Scary Monsters

Sometimes monsters are cuteYesterday was my lucky day. One of my news and blog alerts sent me a link that did, in fact, turn out to be an excellent example of citizen journalism in action, but that was just the tip of the iceberg. Really, to call it citizen journalism and stop there would be nothing short of ironic; it goes to the very heart of the communication ideal. I arrived at Citizen Rob's Blogspot site—only one of many related sites, as it turns out—via a link to a blurb he titled Cue sympathy in 3... 2... 1... about the absurd antics of a local news team, but fortunately I didn't stop there.
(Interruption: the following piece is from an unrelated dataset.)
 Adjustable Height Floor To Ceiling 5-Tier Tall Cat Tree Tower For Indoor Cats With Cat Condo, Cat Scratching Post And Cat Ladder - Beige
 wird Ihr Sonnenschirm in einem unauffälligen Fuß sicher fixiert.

Fortunately, I began poking around and discovered not only the reason for the My Beloved Monster & Me blog title, but a most excellent collection of Rob's writings from the distant past to the present. Blogs link to blogs, and Web sites to Web sites; I lost track of all the levels between my original entry point and his more official, serious representations elsewhere on the Net. Man, can this guy write. He's one of those natural writers, I think, to whom written communication is second nature, if not first. I'm guessing his often self-deprecating sense of humor works the same way: it's the natural expression of a unique and priceless personality. This is from one of his bios—others are a bit more serious—that I happened to stumble upon during my travels through his many online points of presence.

Rob is the author of the following: a book-in-progress about his daughter called Schuyler's Monster (to be published by St. Martin's Press in 2008), several half-completed novels, the most recently being a serious gloomy ghost story, World War One sort of a thing; some stuff that he doesn't really want to talk about that got him in a great deal of trouble but nevertheless still cracks him up a little; an early and embarrassing collection of journal-like essays called Robservations (a title that perhaps might have benefited from another five or ten minutes worth of thought); an early journal effort called the Pages of Goo that got him into trouble almost from the first entry; a chronicle of his time in Kalamazoo called, originally enough, Kalamazoo Days; and of course The Book of Rob, unique in his output in that someone actually read it.

Like every other man, woman and child in America, Rob loves bacon.

Mmmmmm . . . bacon! Anyhow, there's so very little I can say that would do this thing justice in any meaningful way, so I'll leave you to explore his world on your own. Not that it's all lighthearted fun and madness; the story behind Schuyler, his beloved monster, his mute little cyborg, his pretty ninja, is both heartbreaking and profoundly encouraging. Together, they have many adventures.